Is this still the case? I guess with it hitting 1.0 it's more likely now, but I'd still be interested to hear if anyone's had much experience with this up until now.
In the same page you can find a list of compliant implementations like AKKA or RxJava, so you can easily check out one of them and see how they are implementing these concepts under the hood. The general purpose is good, it makes the switch from framework X to Y easier with the declared goal of provide a standard for asynchronous stream processing with non-blocking back pressure, but, as said before, there's nothing more than that.
About the production, well, some of the listed libraries are widely used, so I guess there are a lot of people actually using this concept in production.
Then, if you want to go further, you can search for Duality, that seems an evolution of Reactive Programming and Reactive Streams.
I think this convention is one for the future and this release marks the start of adoption.
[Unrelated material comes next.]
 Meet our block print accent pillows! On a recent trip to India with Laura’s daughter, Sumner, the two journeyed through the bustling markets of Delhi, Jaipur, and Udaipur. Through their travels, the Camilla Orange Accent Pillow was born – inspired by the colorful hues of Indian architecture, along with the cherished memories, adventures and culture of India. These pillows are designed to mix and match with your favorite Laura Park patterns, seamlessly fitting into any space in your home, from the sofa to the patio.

I think the hope is that more implementations will come in the future and one goal is to allow the simple connection of reactive streams and allow the building complex distributed systems.
Also interestingly it looks like this concept might make it into jdk9 as Flow - https://github.com/reactive-streams/reactive-streams-jvm/iss...
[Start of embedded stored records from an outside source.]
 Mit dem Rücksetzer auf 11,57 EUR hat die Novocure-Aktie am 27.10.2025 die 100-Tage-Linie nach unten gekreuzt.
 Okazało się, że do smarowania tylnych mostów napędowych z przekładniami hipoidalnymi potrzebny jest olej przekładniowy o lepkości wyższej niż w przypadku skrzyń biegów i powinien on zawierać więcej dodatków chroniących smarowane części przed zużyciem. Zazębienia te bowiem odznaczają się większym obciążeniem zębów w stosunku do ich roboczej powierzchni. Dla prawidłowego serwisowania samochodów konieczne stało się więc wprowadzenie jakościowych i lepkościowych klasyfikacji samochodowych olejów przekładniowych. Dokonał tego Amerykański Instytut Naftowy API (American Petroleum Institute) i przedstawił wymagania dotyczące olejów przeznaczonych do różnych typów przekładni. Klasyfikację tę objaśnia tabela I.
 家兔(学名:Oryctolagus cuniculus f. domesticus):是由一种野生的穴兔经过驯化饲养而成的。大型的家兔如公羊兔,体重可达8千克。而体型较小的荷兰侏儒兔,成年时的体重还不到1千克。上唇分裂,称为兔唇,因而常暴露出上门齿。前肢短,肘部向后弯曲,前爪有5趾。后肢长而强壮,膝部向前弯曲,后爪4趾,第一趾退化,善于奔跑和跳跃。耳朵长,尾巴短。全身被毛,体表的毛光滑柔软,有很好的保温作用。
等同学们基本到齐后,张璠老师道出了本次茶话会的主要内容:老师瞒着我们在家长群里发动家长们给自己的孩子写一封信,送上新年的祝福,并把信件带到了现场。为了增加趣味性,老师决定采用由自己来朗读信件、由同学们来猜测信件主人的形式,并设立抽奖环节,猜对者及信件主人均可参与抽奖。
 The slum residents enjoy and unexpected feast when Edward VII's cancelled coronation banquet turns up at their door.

non-blocking back pressure
How does that even relate? All I can think of is sticking a potato into a car exhaust.
Please could you expand on this?
And if you want "Erlang validation" it's hard to beat WhatsApp's $19B acquisition. (I doubt that Facebook will be releasing any open source Erlang code any time soon!)
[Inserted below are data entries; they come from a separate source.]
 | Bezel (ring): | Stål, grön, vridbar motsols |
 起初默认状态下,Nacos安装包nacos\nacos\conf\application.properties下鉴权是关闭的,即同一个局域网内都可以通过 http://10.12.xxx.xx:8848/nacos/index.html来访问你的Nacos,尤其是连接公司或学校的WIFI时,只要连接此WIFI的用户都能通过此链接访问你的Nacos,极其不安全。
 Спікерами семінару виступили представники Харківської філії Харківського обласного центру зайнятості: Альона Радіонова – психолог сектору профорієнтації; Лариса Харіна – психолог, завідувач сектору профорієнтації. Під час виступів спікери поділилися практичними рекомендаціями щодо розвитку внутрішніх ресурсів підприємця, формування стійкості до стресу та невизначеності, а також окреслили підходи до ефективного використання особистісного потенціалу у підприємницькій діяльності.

So what's the deal? If you believe in the http://www.reactivemanifesto.org/ wouldn't you be better off just biting the bullet and learning http://www.erlang.org/?
It's always a good thing when a mainstream language gets better - it positively impacts a lot more people who don't get to use niche languages for their work.
EDIT: My grammar and spelling suck first thing in the morning.
"Phil Wadler and Simon Marlow worked on a type system for over a year and the results were published in . The results of the project were somewhat disappointing. To start with, only a subset of the language was type-checkable, the major omission being the lack of process types and of type checking inter-process messages."
Having control over how to fuse a chain of functions is very interesting. Do any of the implementations allow use of mutable state when fusing a chain of functions with the same signature.